(Source records)
* * * *
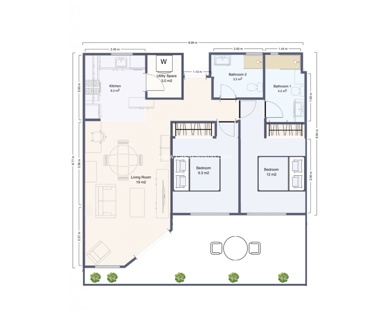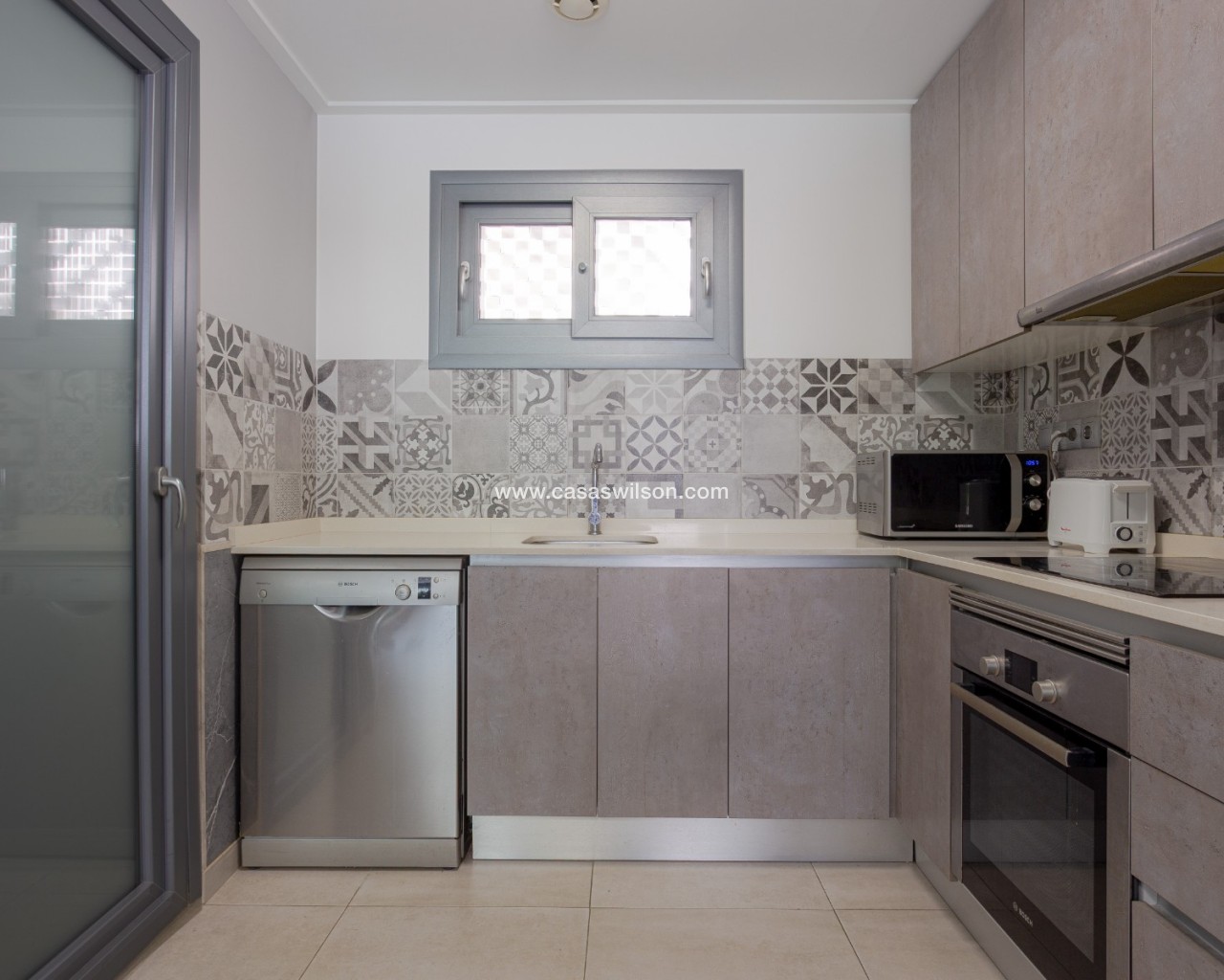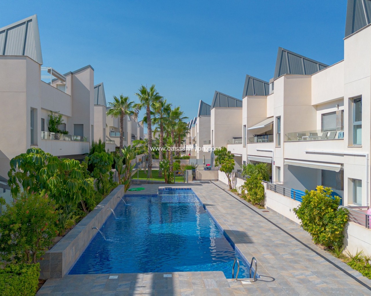 Situado en el complejo residencial Villa Amalia, entre La Veleta y Mar Azul, este apartamento en planta baja combina un diseño moderno y la proximidad al mar.La propiedad ofrece 2 dormitorios y 2 baños, uno de ellos en suite, con una superficie construida de 70 m², un luminoso salón de 20 m² y una terraza jardín orientada al suroeste de 20 m², ideal para disfrutar del sol la mayor parte del día.Construido en 2017, el apartamento incluye:Cocina abierta totalmente equipada con electrodomésticos (horno, lavavajillas, campana extractora, frigorífico, lavadora y secadora).Totalmente equipado: aire acondicionado centralizado, suelo radiante en el baño, persianas eléctricas, ventanas de doble acristalamiento y puerta de seguridad.Amueblado y listo para entrar a vivir.La residencia ofrece excelentes servicios: tres piscinas compartidas, una de ellas climatizada todo el año, gimnasio, ascensor y fibra óptica. También incluye aparcamiento privado.Su ubicación es ideal, a tan solo unos minutos andando del mar, cerca de todos los servicios y con excelentes conexiones con el centro de Torrevieja y las playas de la Costa Blanca.
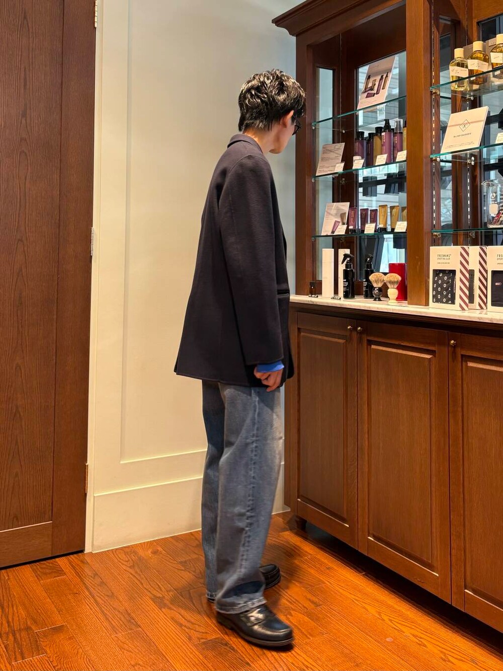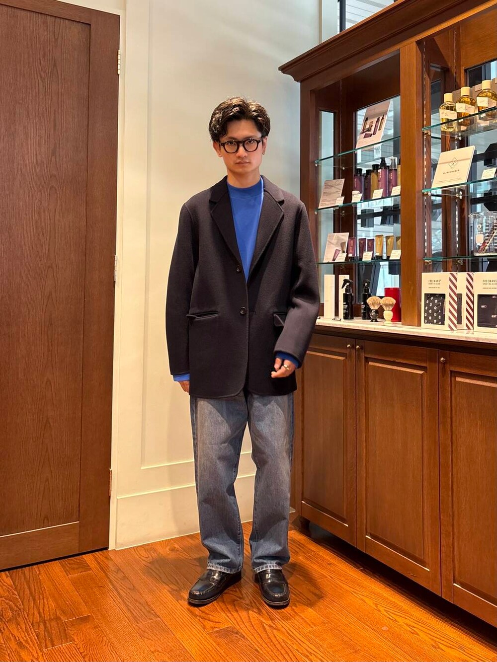 このジャケットはテーラードでありながらルーズシルエットなので、キメすぎることなく着ることが出来ますね
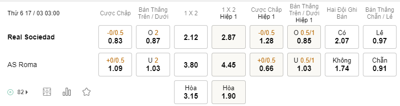 Kèo đấu giữa Real Sociedad vs Roma được các chuyên gia phân tích trong kèo thơm vào lúc 03h00 ngày 17/03. Hy vọng người chơi sẽ có được kết quả đặt kèo thành công như ý.
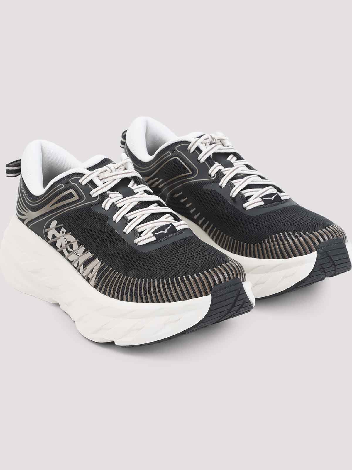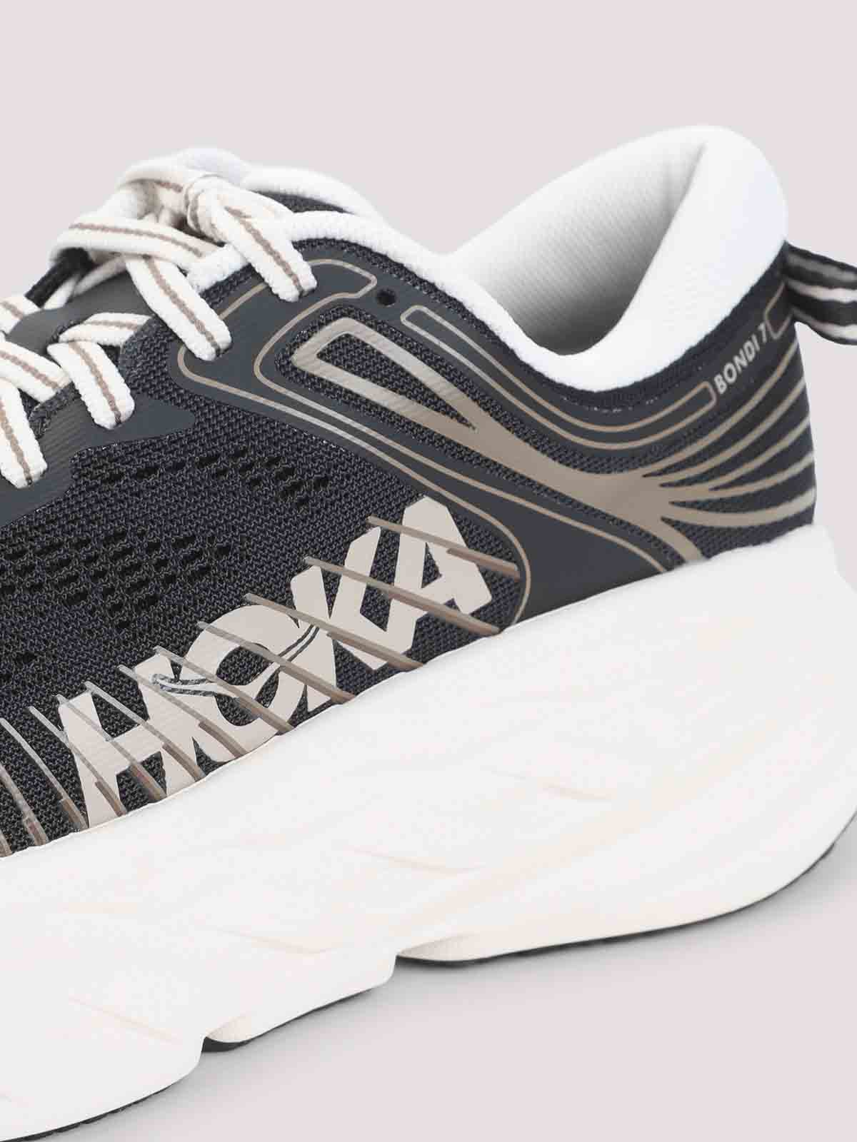Sneakers Hoka en textile noir W Bondi 7. Baskets en textile noires, bout rond, fermeture à lacets rose et blanche, logo en lettres roses sur le côté, rayures roses et détails sur la partie supérieure, semelle en caoutchouc blanc.
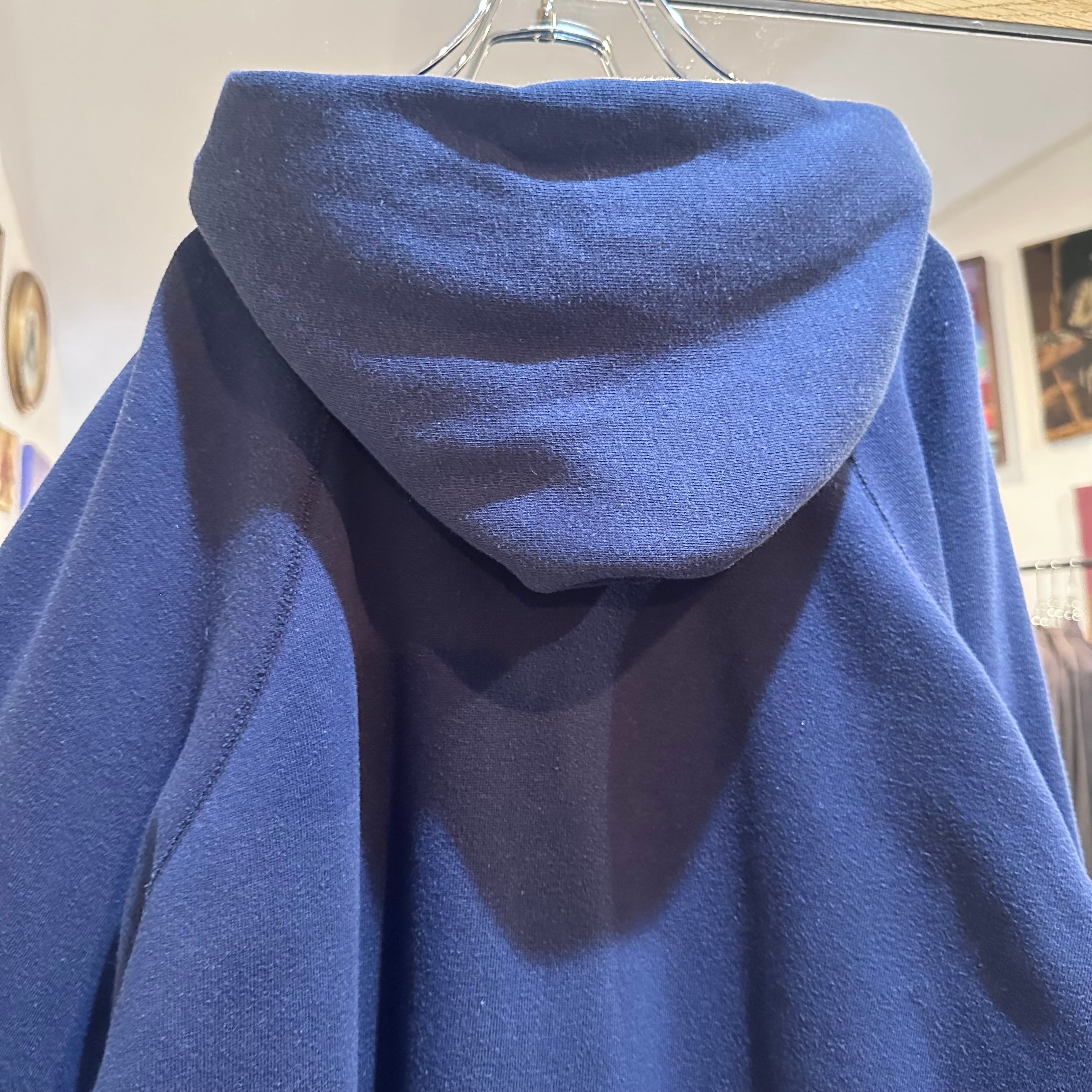 ネイビーカラーのボディに水色のプリントが可愛いカレッジパーカーです!
* * * *
Return every line above verbatim, pictures excluded.

RESPONSE:
 Situado en el complejo residencial Villa Amalia, entre La Veleta y Mar Azul, este apartamento en planta baja combina un diseño moderno y la proximidad al mar.La propiedad ofrece 2 dormitorios y 2 baños, uno de ellos en suite, con una superficie construida de 70 m², un luminoso salón de 20 m² y una terraza jardín orientada al suroeste de 20 m², ideal para disfrutar del sol la mayor parte del día.Construido en 2017, el apartamento incluye:Cocina abierta totalmente equipada con electrodomésticos (horno, lavavajillas, campana extractora, frigorífico, lavadora y secadora).Totalmente equipado: aire acondicionado centralizado, suelo radiante en el baño, persianas eléctricas, ventanas de doble acristalamiento y puerta de seguridad.Amueblado y listo para entrar a vivir.La residencia ofrece excelentes servicios: tres piscinas compartidas, una de ellas climatizada todo el año, gimnasio, ascensor y fibra óptica. También incluye aparcamiento privado.Su ubicación es ideal, a tan solo unos minutos andando del mar, cerca de todos los servicios y con excelentes conexiones con el centro de Torrevieja y las playas de la Costa Blanca.
 このジャケットはテーラードでありながらルーズシルエットなので、キメすぎることなく着ることが出来ますね
 Kèo đấu giữa Real Sociedad vs Roma được các chuyên gia phân tích trong kèo thơm vào lúc 03h00 ngày 17/03. Hy vọng người chơi sẽ có được kết quả đặt kèo thành công như ý.
Sneakers Hoka en textile noir W Bondi 7. Baskets en textile noires, bout rond, fermeture à lacets rose et blanche, logo en lettres roses sur le côté, rayures roses et détails sur la partie supérieure, semelle en caoutchouc blanc.
 ネイビーカラーのボディに水色のプリントが可愛いカレッジパーカーです!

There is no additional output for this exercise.